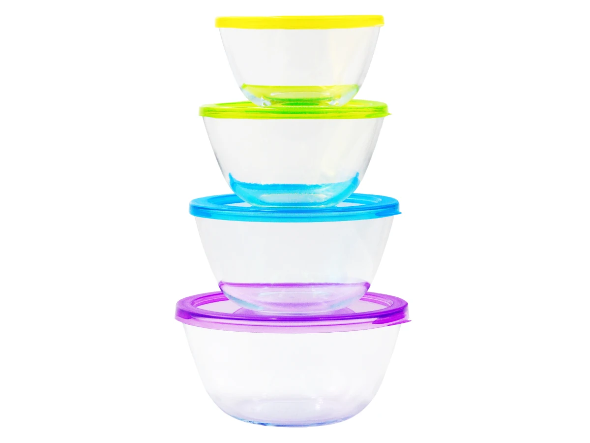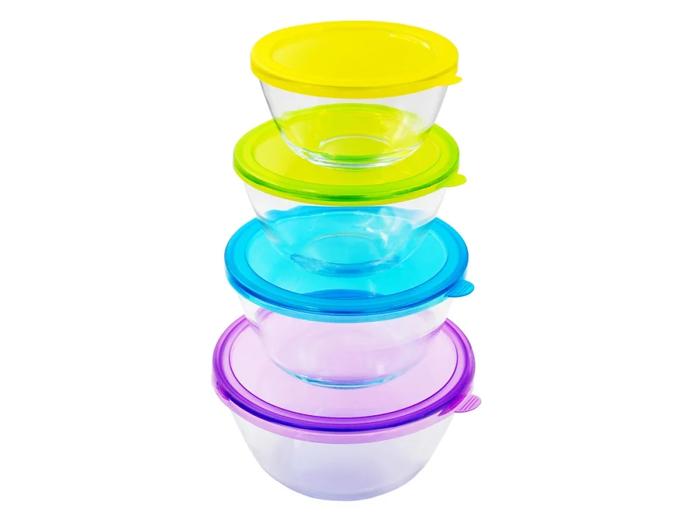 Набор мисок для хранения и запекания с крышками "Eley" объемом 800 мл, 1000 мл, 1500 мл, 2000 мл, пищевые из жаропрочного боросиликатного стекла.
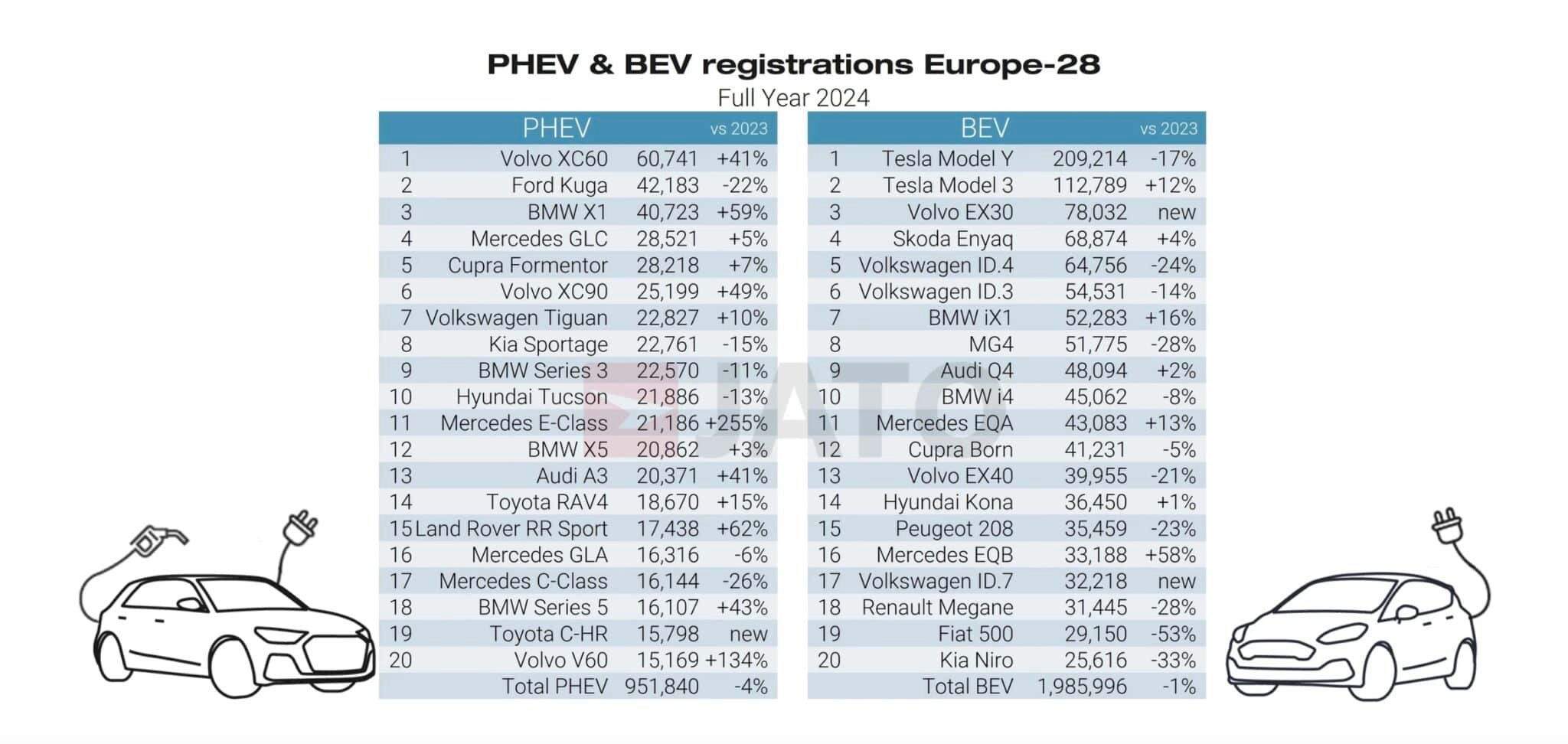 Derrière on a les Skoda Enyaq (68 874), Volkswagen ID.4 (64 756), Volkswagen ID.3 (54 531), BMW iX1 (52 283), MG4 (51 775), Audi Q4 (48 094) et BMW i4 (45 062) à la 10e place. Il faut attendre la 15e place pour trouver une voiture française avec la Peugeot 208 (35 459). La Renault Mégane E-Tech se place également dans ce Top 20 à la 18e place (31 445). Il est étonnant de ne pas voir la Hyundai Ioniq 5.
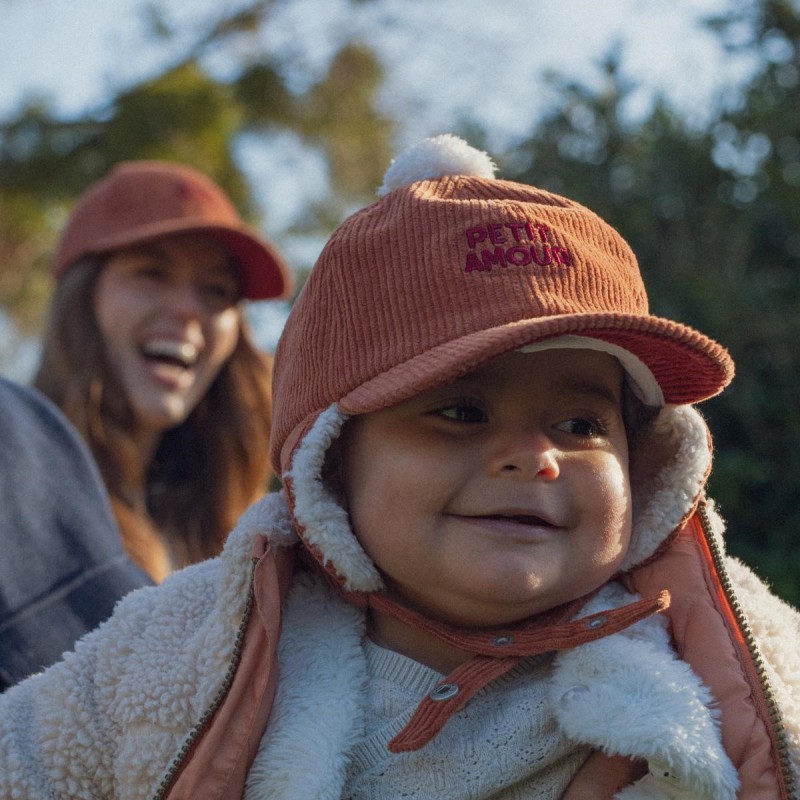 Chapka velours côtelé, doublée en fausse fourrure, disponible de 3 mois à 6 ans
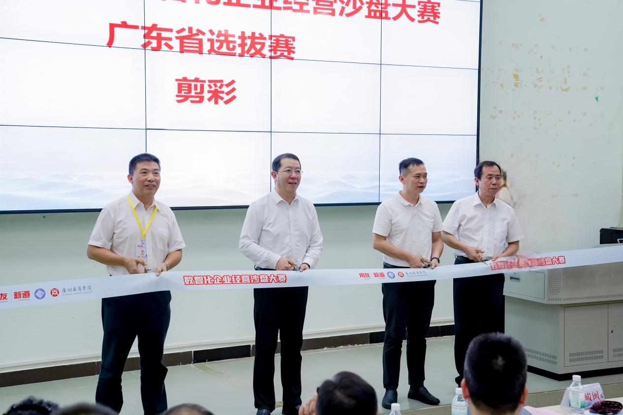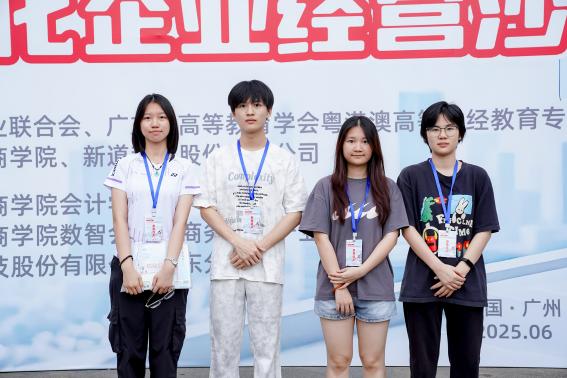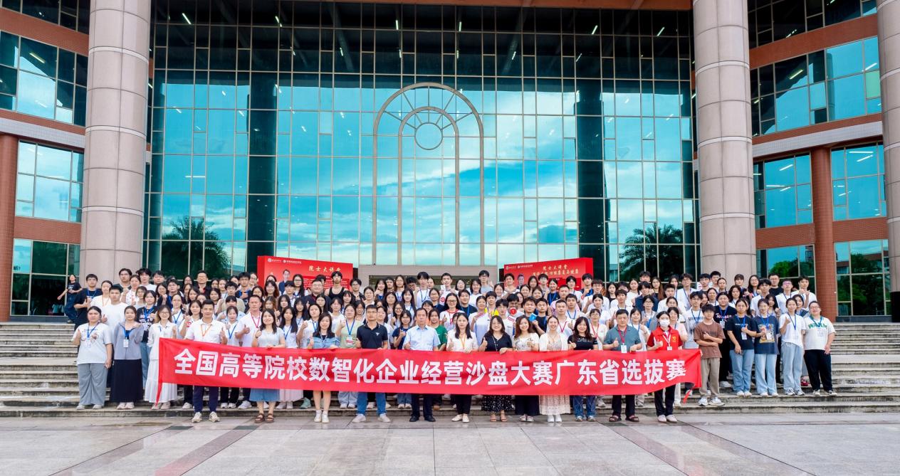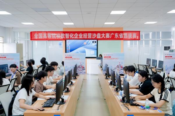 2025年6月28日至29日,由中国商业联合会、广东省高等教育学会粤港澳高等财经教育专业委员会、广州华商学院、新道科技股份有限公司联合主办,广州华商学院会计学院、广州华商学院实验教学与网络管理中心、广州华商学院 产教融合办公室、数智会计与商务服务产业学院、新道科技股份有限公司广东分公司联合承办的2025年全国高等院校数智化企业经营沙盘大赛广东省选拔赛在广州华商学院成功举办。来自广东省35所高校的80支队伍,总计320名学生齐聚一堂,以企业经营模拟为舞台,展开了一场数智化管理能力的巅峰对决。
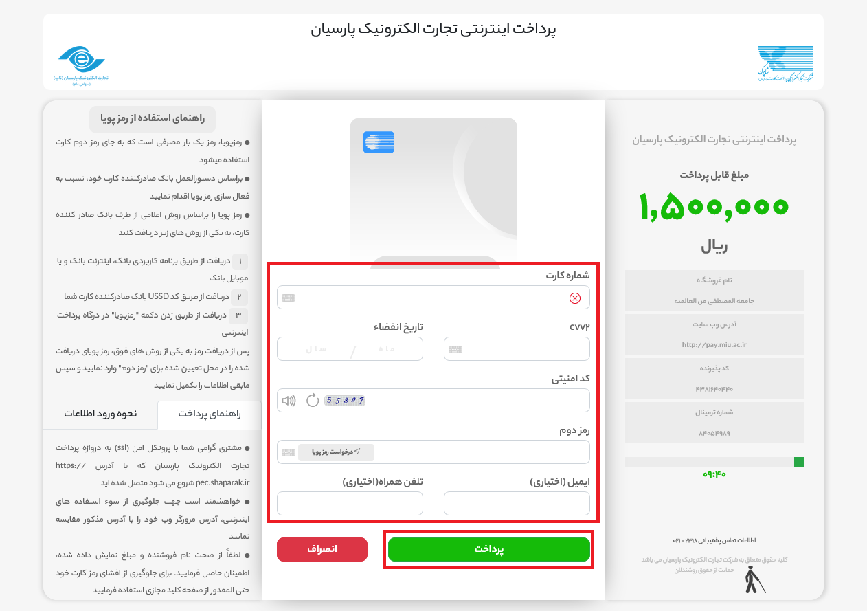 مرحله 15 : در صفحه پرداخت اطلاعات خواسته شده کارت بانکی خود را وارد کرده و روی دکمه پرداخت کلیک کنید.
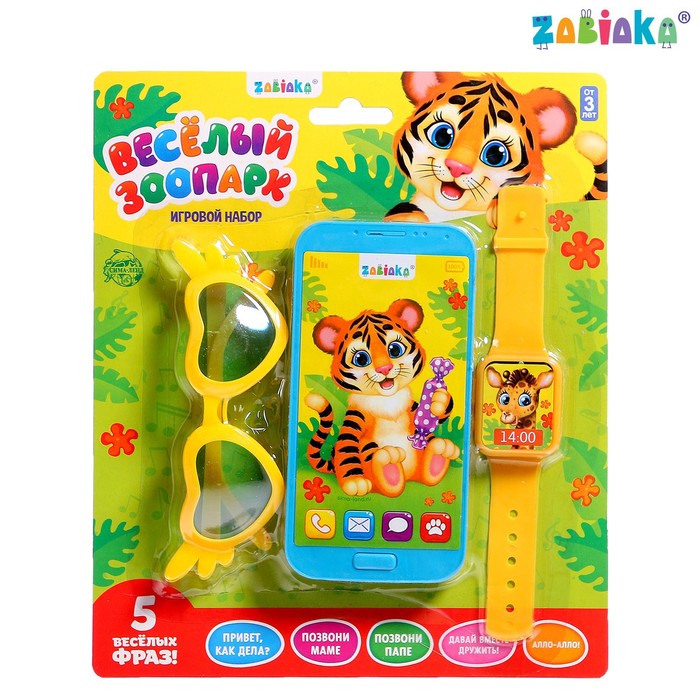 Игровой набор «Зоопарк»: детский телефон, очки, часы, русская озвучка, цвет голубой

• • • • •

• **Your task**
When you reach the line that contains "مرحله 15 : در" in the records above, copy it and every line after it exactly through the last one, leaving out the pictures.

• **Written response**
 مرحله 15 : در صفحه پرداخت اطلاعات خواسته شده کارت بانکی خود را وارد کرده و روی دکمه پرداخت کلیک کنید.
 Игровой набор «Зоопарк»: детский телефон, очки, часы, русская озвучка, цвет голубой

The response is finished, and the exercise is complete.